在前面的文章中对Python协程的概念和实现做了简单地介绍。为了对Python并发编程有更加全面地认识，我也对Python线程和进程的概念和相关技术的使用进行了学习，于是有了这篇文字。

0x01 线程与进程

当我们在手机或者PC上打开一个应用时，操作系统就会创建一个进程实例，并开始执行进程里的主线程，它有独立的内存空间和数据结构。线程是轻量级的进程。在同一个进程里，多个线程共享内存和数据结构，线程间的通信也更加容易。

0x02 使用线程实现并发

熟悉Java编程的同学就会发现Python中的线程模型与Java非常类似。下文我们将主要使用Python中的线程模块threading包。（对于低级别的API模块thread不推荐初学者使用。
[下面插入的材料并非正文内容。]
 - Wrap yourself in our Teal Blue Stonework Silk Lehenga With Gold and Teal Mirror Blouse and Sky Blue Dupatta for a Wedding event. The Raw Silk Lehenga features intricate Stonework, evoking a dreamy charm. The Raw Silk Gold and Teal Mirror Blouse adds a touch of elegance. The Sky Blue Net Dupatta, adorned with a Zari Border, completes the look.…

本文所有代码将使用Python 3.7的环境）

threading

要使用线程我们要导入threading包，这个包是在_thread包（即上文提到的低级别thread模块）的基础上封装了许多高级的API，在开发中应当首选threading包。
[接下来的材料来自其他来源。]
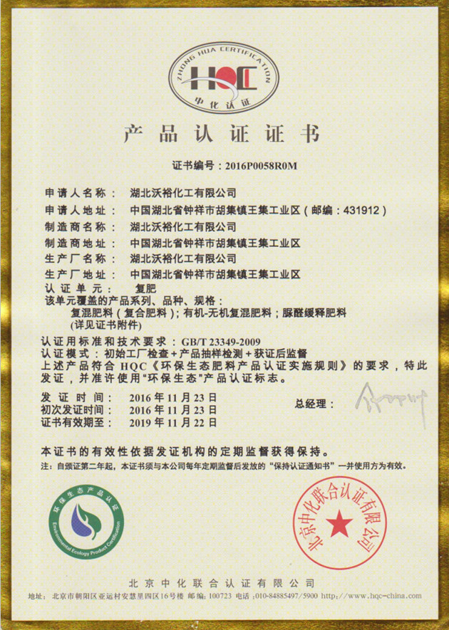 ??? 湖北沃?;び邢薰境晒Λ@得環(huán)保生態(tài)肥料產(chǎn)品認證。湖北沃裕一直以來就非常重視肥料產(chǎn)品的質(zhì)量和安全環(huán)保性能,堅守“四個確?!保?/p>
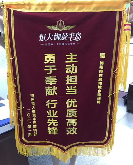 “真是非常感謝你們!”近日,梅州恒大禦景半島營銷部送來錦旗,感謝我局一直以來為企業提供優質高效服務、幫助解決所急所需,特別是在疫情期間,出台紓困政策措施、指導開展疫情防控、依法調處矛盾糾紛等所做工作,助力企業克服疫情影響、健康發展。
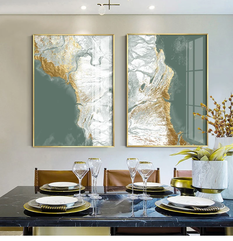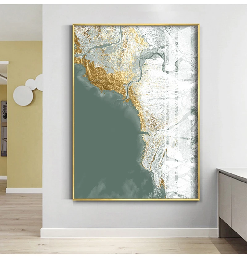 Современный абстрактный постер с зеленым морем и золотым ландшафтом, роскошные принты, Картина на холсте, Настенная картина для декора гостиной
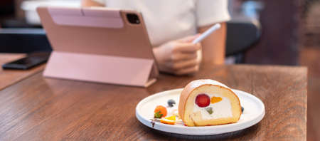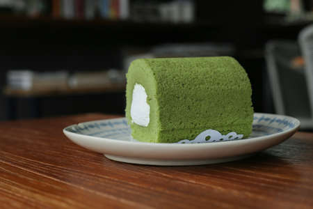 Green tea roll, green tea matcha dessert, Japanese sweet wth soft bread and sweet creamy on plate in coffee shop.
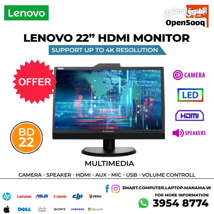 LENOVO 22" FHD Monitor - HDMI - Camera - LED - Speaker - Multimedia Support Up To 4K Cell Click to show phone number.. 395487XXWide Display Good working
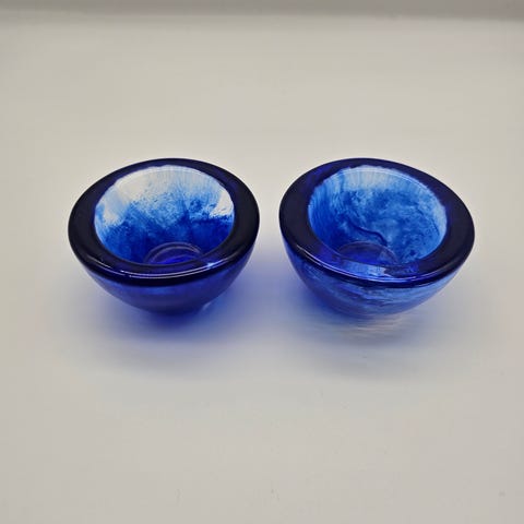 Kosta Boda lysestake i blått glass. Rund form med plass til telys. Laget av farget glass med en glatt overflate. Helt fri for skade og bruksmerker. Selges kun samlet.

常见地，有两种方式构建一个线程：通过Thread的构造函数传递一个callable对象，或继承Thread类并重写run方法。

import threading

import time

def do_in_thread(arg):

    print('do in thread {}'.format(arg))

    time.sleep(2)

if __name__ == '__main__':

    start_time = time.time()

    t1 = threading.Thread(target=do_in_thread, args=(1,), name='t1')
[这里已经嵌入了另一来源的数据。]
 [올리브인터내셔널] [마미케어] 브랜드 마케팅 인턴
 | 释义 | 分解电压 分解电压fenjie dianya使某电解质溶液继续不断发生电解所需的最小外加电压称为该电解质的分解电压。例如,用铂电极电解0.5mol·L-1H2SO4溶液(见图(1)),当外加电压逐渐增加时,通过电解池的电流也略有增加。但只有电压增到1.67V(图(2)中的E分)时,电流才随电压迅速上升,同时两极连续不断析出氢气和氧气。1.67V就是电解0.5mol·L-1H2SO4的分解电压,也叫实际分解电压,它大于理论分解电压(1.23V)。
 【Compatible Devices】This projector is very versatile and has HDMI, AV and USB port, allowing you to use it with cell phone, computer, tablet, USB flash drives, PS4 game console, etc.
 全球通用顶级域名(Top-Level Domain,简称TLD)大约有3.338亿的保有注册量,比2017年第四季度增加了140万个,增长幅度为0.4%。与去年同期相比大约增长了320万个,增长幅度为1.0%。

    t2 = threading.Thread(target=do_in_thread, args=(2,), name='t2')

    t1.start()

    t2.start()

    # join方法让主线程等待子线程执行完毕

    t1.join()

    t2.join()

    print("\nduration {} ".format(time.time() - start_time))

# do in thread 1

# do in thread 2

# duration 2.001628875732422

还可以通过继承threading.Thread类定义线程

import threading

import time

def do_in_thread(arg):

    print('do in thread {}'.format(arg))

    time.sleep(2)

class MyThread(threading.Thread):

    def __init__(self, arg):

        super().__init__()

        self.arg = arg

    def run(self):

        start_time = time.time()

        do_in_thread(self.arg)

        print("duration {} ".format(time.time() - start_time))

def start_thread_2():

    start_time = time.time()

    print("duration {} ".format(time.time() - start_time))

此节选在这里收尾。